I do not expect that you will keep track of every thought. Even tracking 2 to 3 thoughts per minute will leave you nothing to do but write down your thoughts. I am setting a goal of tracking 100 thoughts per day or three pages of a typical spiral notebook (most standard rule spiral notebooks have 33 lines per page). Remember a simple description, one thought per line with a positive or negative mark.

Be objective about this. You want an honest assessment of what is occupying your mind so don’t say “that wasn’t such a bad thought” and try to seem more positive just to make yourself feel better. Everyone who first does this will be amazed at the predominance of negative thoughts in their day.

At the end of the day you have your 100 thoughts in the notebook with a tally of negative or positive. Add up the positive and add up the negative and see how you faired. If you are like most of us, you’ll see the negative column is the winner hands down. When I first did this exercise, I was at a 4: 1 ratio of bad to good thoughts. I realized that I was spending 80% of my time thinking negative thoughts.

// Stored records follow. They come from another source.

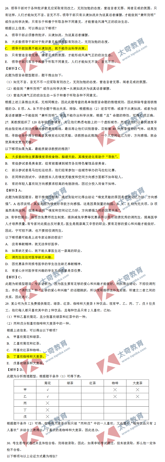 2020年MBA/MEM管理类联考逻辑真题解析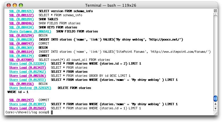 Вкратце мы рассматривали возможности логирования, предоставляемые ActiveRecord, в пятой главе – когда говорили об автоматизации, то есть генерации SQL, неявно выполняемой в Rails.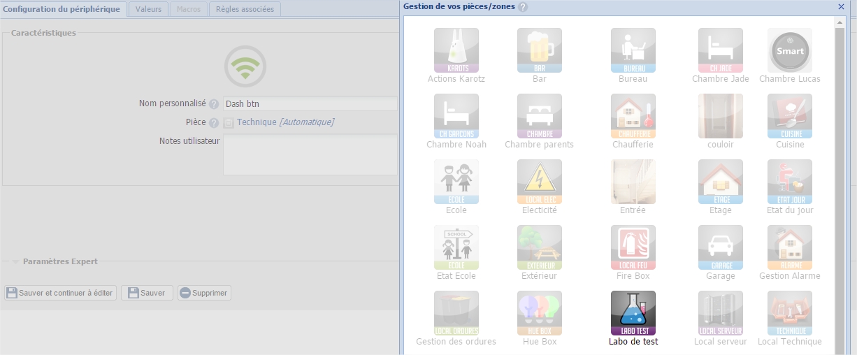 3 Donnez un nom au nouveau périphérique et sélectionnez un pièce d’affectation. Vous constatez au passage la nouvelle fenêtre de sélection de pièce qui n’est plus sous forme de liste mais d’icônes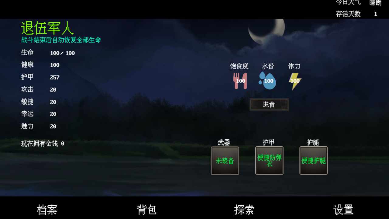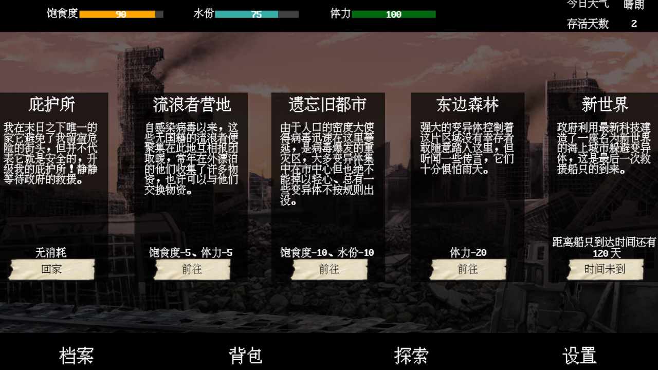 听闻这个消息后我再次燃起渴望生存的希望之火,我需要在接下来的120天内,抵挡变异体的进攻,因为无线通讯设备传输的电磁波会吵到隐藏在东边森林里强大的变异体。但我不能关闭它,因为我需要它接收避难所之外的讯息。每10天变异体会对我的避难所发起进攻,我需要收集食物和水源的同时,收集材料升级我的避难所,从而面对这些变异体的进攻。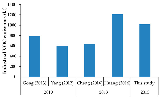 The industrial VOC emissions of Hebei Province calculated in prior studies from the past few years are summarized and compared in Figure 2. The estimated total industrial VOC emissions in this study were about 22.4–52.1% higher than those of Gong (2013) [4], Yang (2012) [26], and Cheng (2013) [45], and 18.8% lower than the results of Huang (2016) [5]. These differences may have been caused by the following: (1) The selection of activity data: activity data for 81 types of industrial sources were collected by Huang (2016) [5], and this study selected only 74 types, which caused Huang (2016) [5] to show higher emissions. For example, the crude oil processing volume in this study was considered to be activity data of petroleum refining based on technical guidelines, while the tank loss, transport loss, leakage loss, and volatile refining wastewater of Huang (2016) [5] were chosen according to references. (2) The interannual variation in activity levels: The VOC emission inventories of other studies were for periods 3–5 years earlier than that of this study. In fact, VOC emissions have been increasing yearly, owing to the increase in the scale and number of industrial enterprises in Hebei Province. (3) The selection of EFs: For crude oil exploration sources, 1.5275 g/kg crude oil in this study represented the VOC emission factor from crude oil exploration, rather than the 0.6 kg/t found by Yang (2012) [26] and Huang (2016) [5], due to the EF being derived from the latest officially published data, which was highly representative. (4) The determination of key industrial sources: Cheng (2013) [45] estimated the VOC emissions of eight key industries in Hebei Province in 2013, including the chemical medicine, coke production, organic chemical, packaging and printing, wood adhesives, industrial and construction dyes, furniture manufacturing, and crude oil processing industries. The total emissions found by Cheng (2013) [45] were 633.2 kt, while the corresponding emissions of the eight key industries in this study were found to be 677.8 kt. Therefore, the results of this study are reasonable and acceptable.

Let me also clarify that a negative thought isn’t always something obvious, like “I’m going to die” but it does encompass any doubt, fear or negativity. Did someone on the phone annoy you? Well, that’s a bad thought. Did you think “what a pain in the butt?” There is another bad thought. Did you have to get something done but told yourself this is too hard to do, will take too long or simply cannot be done? All bad thoughts. If you think the words can’t, won’t, mad, sad, angry, dumb, stupid, hard, difficult, etc., then you know it is a bad thought. Thoughts that come from lack like “I wish I had more money” are also bad thoughts. You will be able to label them as good or bad because you will know how they make you feel. When you read what you wrote on the paper if you feel bad, mark it as negative if you feel great mark it as positive.

What good is it knowing how much time you are spending on negative thoughts? Simply, you can change it and spend it on positive thoughts. Once you have done this for a week, it becomes automatic. You are now aware of negative thoughts as they pop into your head and you consciously work on changing them. Soon enough that 4: 1 ratio turned around for me. After a few months of work I was thinking less and less negative thoughts, less fear plagued my mind and I opened up amazing opportunities.

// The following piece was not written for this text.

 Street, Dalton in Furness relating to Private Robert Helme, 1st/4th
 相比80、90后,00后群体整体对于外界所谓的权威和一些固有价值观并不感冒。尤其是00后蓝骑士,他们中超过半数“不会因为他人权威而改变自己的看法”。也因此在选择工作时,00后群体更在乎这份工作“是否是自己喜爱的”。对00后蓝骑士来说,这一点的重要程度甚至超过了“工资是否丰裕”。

When a new business opportunity came to me, my normal mind would pop up all the obstacles (all negative thoughts). Now it sees all the opportunities (positive thoughts). When I first met new people, I would see all their faults (negative). Today, I see all their good traits (positive). It is an easy thing to tell people to think positively but it actually takes a lot of work.

The hard work pays off in the end. With a predominance of positive thoughts and feelings, the power of your Intention will increase exponentially and the Law of Attraction will bring you your goals in a shorter amount of time.

Practical Tools:

  1. Keep a thought inventory over a week’s time. Track 100 thoughts throughout each day for 7 days straight. Try to set blocks of time to do this say 2 hours a day, preferably when you are working or in the middle of your typical day. Write down each thought on a separate line of a notebook and in the margin flag it as positive or negative.
  2. At the end of the day tally the negative and positive thoughts and see how you did.
  3. After the week is over see if you are more aware of your thoughts. Do you catch negative thoughts consciously as they pop up?
  4. As you catch these thoughts work on turning them around. If someone annoys you say to yourself they must be in a negative space if they are acting this way. If something seems difficult or scary say you love the challenge it will present. You get the idea. Work on catching and turning the negative to positive.
  5. Go back in two months and redo the exercise. You’ll be amazed at how much better your results are.
  6. Keep up the good work. Negativity is always lurking somewhere so always stay conscious of your thoughts and keep that positive state of mind.